▸ **Available records**
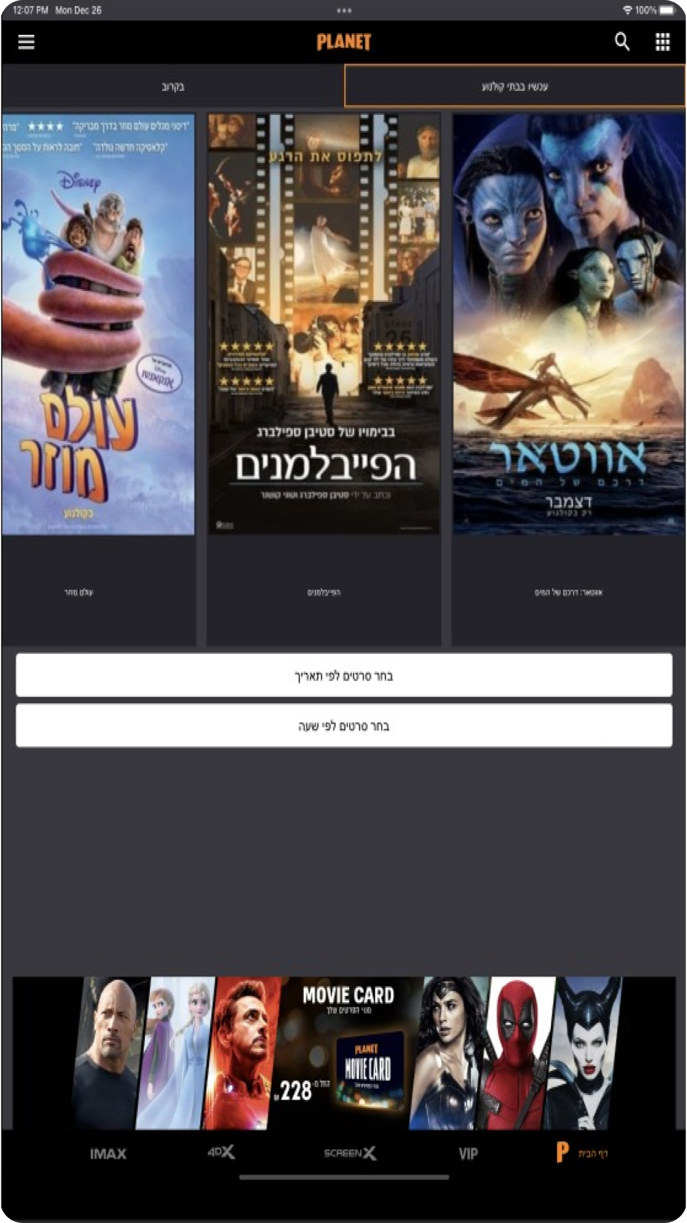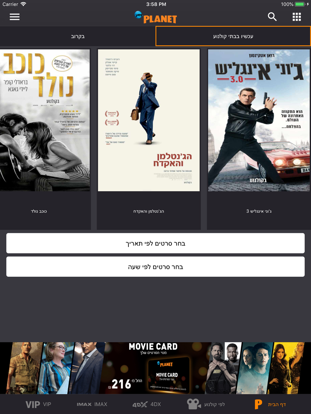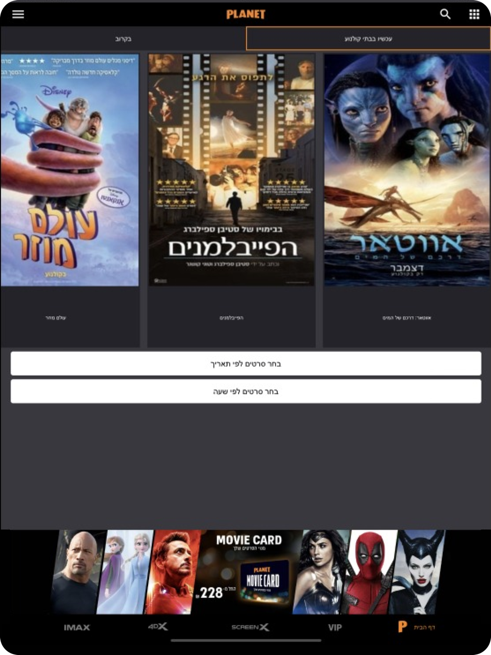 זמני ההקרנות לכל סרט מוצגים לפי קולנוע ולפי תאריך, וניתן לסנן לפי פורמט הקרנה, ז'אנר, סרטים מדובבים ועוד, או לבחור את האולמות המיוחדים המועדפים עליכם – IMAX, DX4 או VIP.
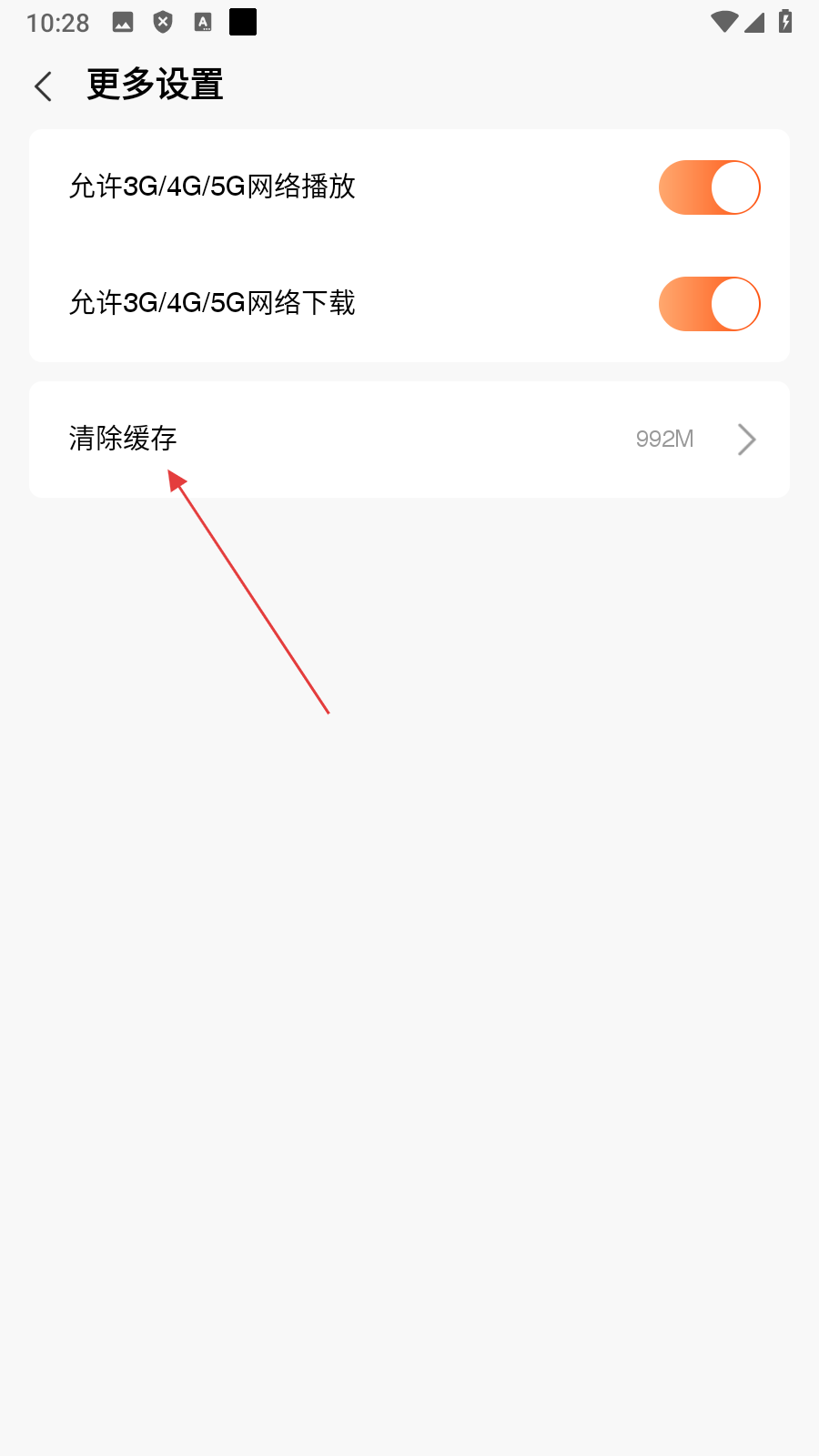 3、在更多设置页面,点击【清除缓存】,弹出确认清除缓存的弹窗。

...

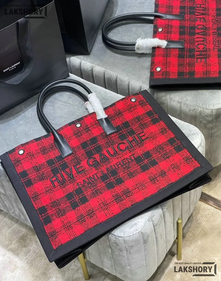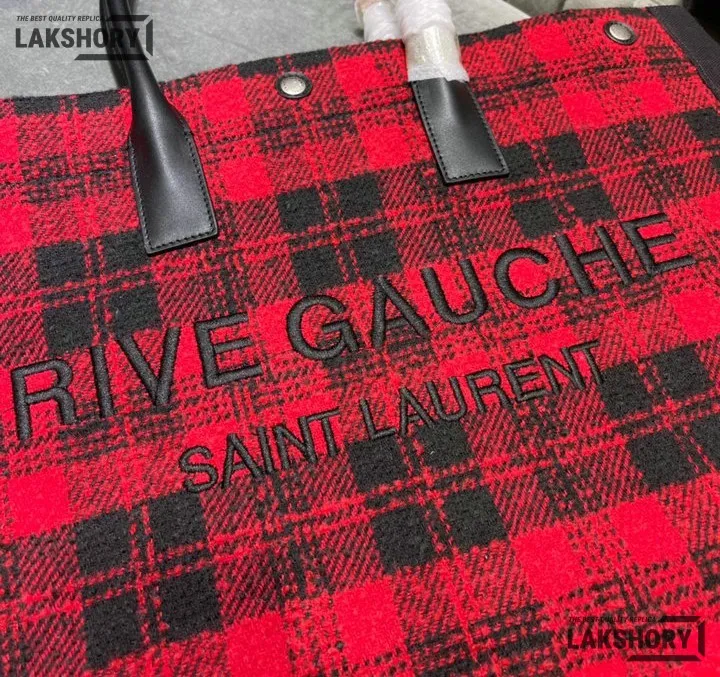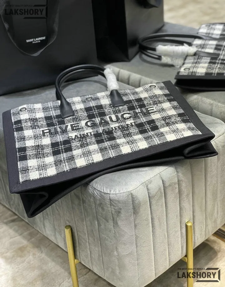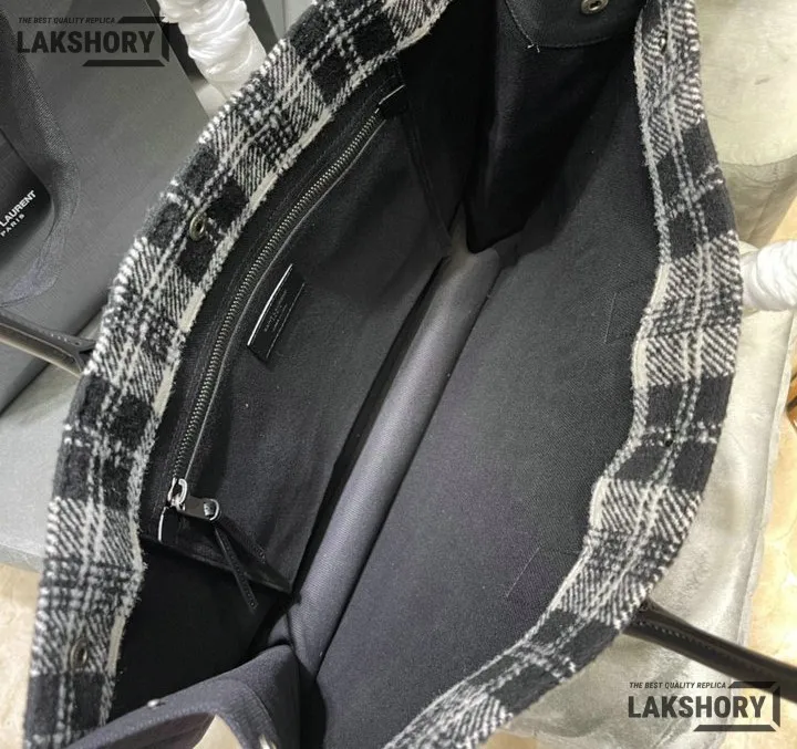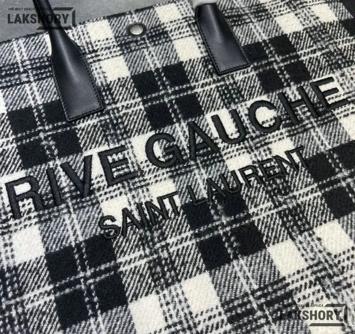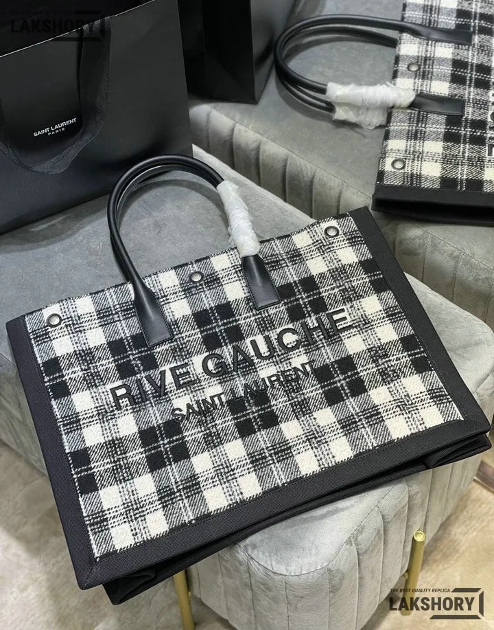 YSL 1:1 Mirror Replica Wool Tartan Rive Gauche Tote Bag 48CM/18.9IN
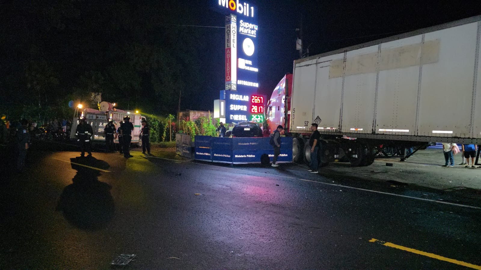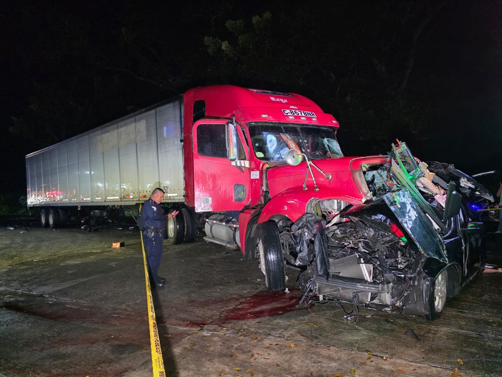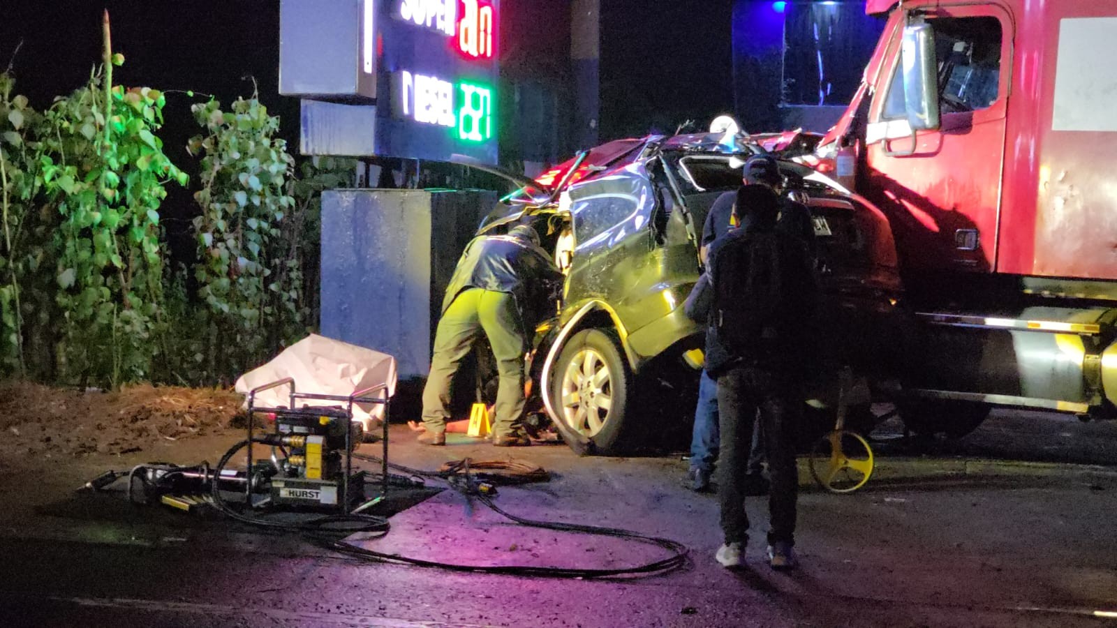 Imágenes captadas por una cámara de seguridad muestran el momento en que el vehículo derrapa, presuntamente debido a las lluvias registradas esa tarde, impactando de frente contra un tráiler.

▸ **Instructions to follow**
Copy only what runs above from the line containing "זמני ההקרנות לכל" through the line containing "3、在更多设置页面,点击【清除缓存】,弹出确认清除缓存的弹窗。", exactly. Leave out the pictures.

▸ **Answer space**
 זמני ההקרנות לכל סרט מוצגים לפי קולנוע ולפי תאריך, וניתן לסנן לפי פורמט הקרנה, ז'אנר, סרטים מדובבים ועוד, או לבחור את האולמות המיוחדים המועדפים עליכם – IMAX, DX4 או VIP.
 3、在更多设置页面,点击【清除缓存】,弹出确认清除缓存的弹窗。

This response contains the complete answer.